Even as the seasonal flu reenters the picture, Americans likely won’t have developed herd immunity to COVID-19, and a vaccine is likely still more than a year away. The absolute safest thing to do would be for all Americans to lock themselves inside until there’s a coronavirus vaccine. However, even die-hard public-health cheerleaders say that’s simply not feasible. Millions of people have lost their jobs; non-COVID-19 medical treatments are being postponed; children are suffering from a lack of schooling and socialization.
Instead, health experts broadly concur that the best path forward will be an aggressive testing and contact-tracing regimen. It might not be possible to get asymptomatic people tested regularly. However, the rapid testing of anyone who has possible COVID-19 symptoms, along with a way to track and isolate anyone they’ve been in contact with, could keep coronavirus infections from spreading as the flu simultaneously rips through the population. While America’s testing capabilities have been increasing, we are currently not testing or contact-tracing at anywhere near the necessary level, experts say.
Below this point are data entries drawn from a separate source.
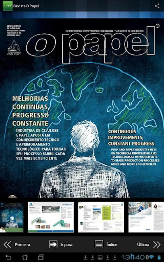 The digital edition of The Paper Magazine Editorial includes extra content such as newsletters, articles, columns, photo gallery and tools to save and share material among friends and through social networks, plus video, audio, interactive advertisements and links that refer to Site www.revistaopapel.org.br
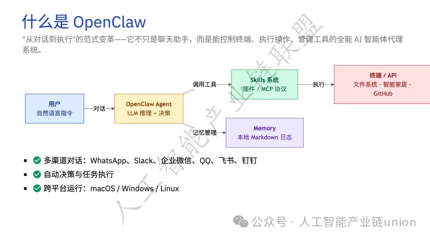 OpenClaw的核心定位,是“从对话到执行”的范式变革。它并非一个简单的聊天机器人,而是一个能控制终端、执行操作、管理工具的全能AI智能体代理系统。
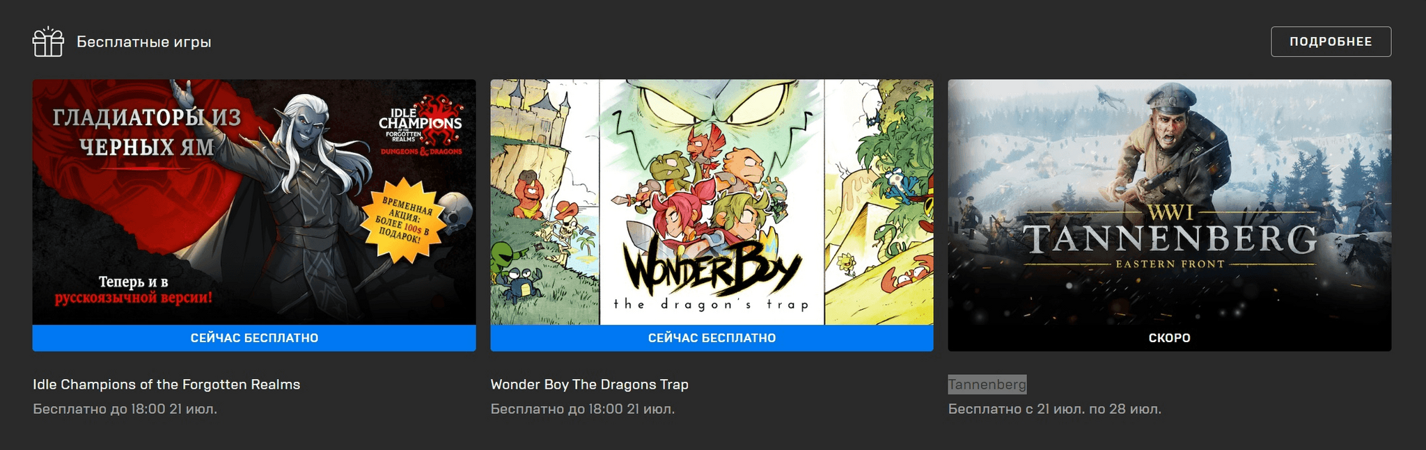 В цифровом магазине Epic Games Store забрать бесплатно и навсегда в свою библиотеку до 21 июля можно приключенческий платформер Wonder Boy: The Dragon's Trap и стратегическую Idle Champions of the Forgotten Realms. После окончания этой раздачи начнут выдавать военный экшен Tannenberg.
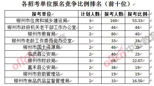 競爭熱門招考單位,前三位依次是:郴州市住房和城鄉(xiāng)建設(shè)局(競爭比例53.33:1)、郴州市政府機關(guān)老干部工作辦公室(競爭比例44:1)和郴州市教育局(競爭比例40:1)。
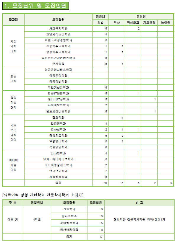 [2021학년도] 서경대학교 편입학 모집 주요사항 안내

There are other ways to prepare for a big fall surge in flu and COVID-19 infections. Government and hospital officials could use the intervening time to staff up hospitals and increase their capacity. Large sporting events and concerts may need to be postponed until there’s more immunity in the population, Nuzzo and others say. Jha says universities should cancel sports and extracurriculars, give every student a single dorm, and stagger dining times. Vulnerable people—like the elderly or those with chronic illnesses—may have to stay home longer than others. Everyone could wear masks even after they’re no longer required to, and work from home if they’re able to.
In addition to mitigating coronavirus transmission, these types of mild social-distancing measures might help reduce the spread of the flu. “Some of these things will hopefully work their way into our more normal, day-to-day lives, and we’ll be able to do ‘social distancing light’ in a way that will help us reduce the transmission,” Stephen Kissler, an infectious-disease modeler at Harvard, told me.
Jha is hopeful that between now and this fall, biotech companies will have developed drugs that can lessen COVID-19 symptoms. Though these might not be “cures” per se, they might reduce the amount of time COVID-19 patients are in the hospital and thus ease the strain on the health-care system. If these measures don’t happen, Americans might see additional lockdowns. “If we don’t get our act together, the chances that there will be another lockdown in the fall, and that it will be a long one, are very, very high,” Jha said.
To be sure, even if no one takes unnecessary risks, and therapeutics are available, and the hospitals are well stocked, and hand-washing becomes a religion, there still might need to be a fall lockdown. This is, unfortunately, the new uncertainty with which we all now live.
If you are desperate to cling to some modicum of control, the number-one way everyday Americans can help to prevent this flu-COVID-19 Armageddon is by getting the flu shot. Employers could even make returning to work in the fall contingent on being vaccinated against the flu, Nuzzo said. The flu shot is one of the few things that are within our power, and it doesn’t rely on the vicissitudes of pathogens. There aren’t many opportunities to feel empowered these days. We might want to seize the ones we get.